Solution and Explanation

Step 1: Set up the comparison.
An electron (mass $m$) accelerated through $V$ has de-Broglie wavelength $\lambda$. A proton (mass $M$) is accelerated through $9V$. We need its wavelength in terms of $\lambda$.
Step 2: Recall the wavelength of an accelerated charge.
When a charge $q$ is accelerated through potential $V$, its de-Broglie wavelength is $\lambda = \dfrac{h}{\sqrt{2\,m\,q\,V}}$.
Step 3: Note the equal charges.
An electron and a proton carry the same magnitude of charge $e$. With $h$ and $e$ common to both, the wavelength scales as $\lambda \propto \dfrac{1}{\sqrt{mV}}$.
Step 4: Form the proton-to-electron ratio.

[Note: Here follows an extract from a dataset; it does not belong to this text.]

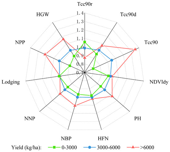 To facilitate comparison and visualization, the traits of the three yield-level groups were normalized by dividing the mean value of each cluster by the mean value of all the soybean varieties (Figure 7). It was observed that among these traits, high-yield varieties (>6000 kg/ha) exhibited superior performance in NPP and HGW, which directly contributed to their high yield. These varieties showed lower Tcc90r and higher Tcc90 and Tcc90d values. This indicated that high-yield soybean varieties exhibited rapid canopy development, prolonged duration of high canopy coverage, and a delayed decline in canopy coverage. Additionally, the high-yield group demonstrated notable advantages in traits such as PH, NBP, and NNP. The medium-yield group (3000–6000 kg/ha) displayed trait performance that fell between the high- and low-yield groups, and the low-yield group (0–3000 kg/ha) performed poorly in most traits. Among all tested traits, Tcc90 exhibited the greatest variation, suggesting it may be one of the key factors influencing yield. These results indicated that canopy-related traits should be paid more attention in soybean variety screening.

\[ \frac{\lambda_p}{\lambda} = \sqrt{\frac{m\cdot V}{M\cdot 9V}} \] The charge $e$ and constant $h$ cancel cleanly.
Step 5: Simplify the radical.
The $V$ cancels, leaving $\dfrac{\lambda_p}{\lambda} = \sqrt{\dfrac{m}{9M}} = \dfrac{1}{3}\sqrt{\dfrac{m}{M}}$, since $\sqrt{9} = 3$.
Step 6: Isolate the proton wavelength.
Multiplying through by $\lambda$: $\lambda_p = \dfrac{\lambda}{3}\sqrt{\dfrac{m}{M}}$.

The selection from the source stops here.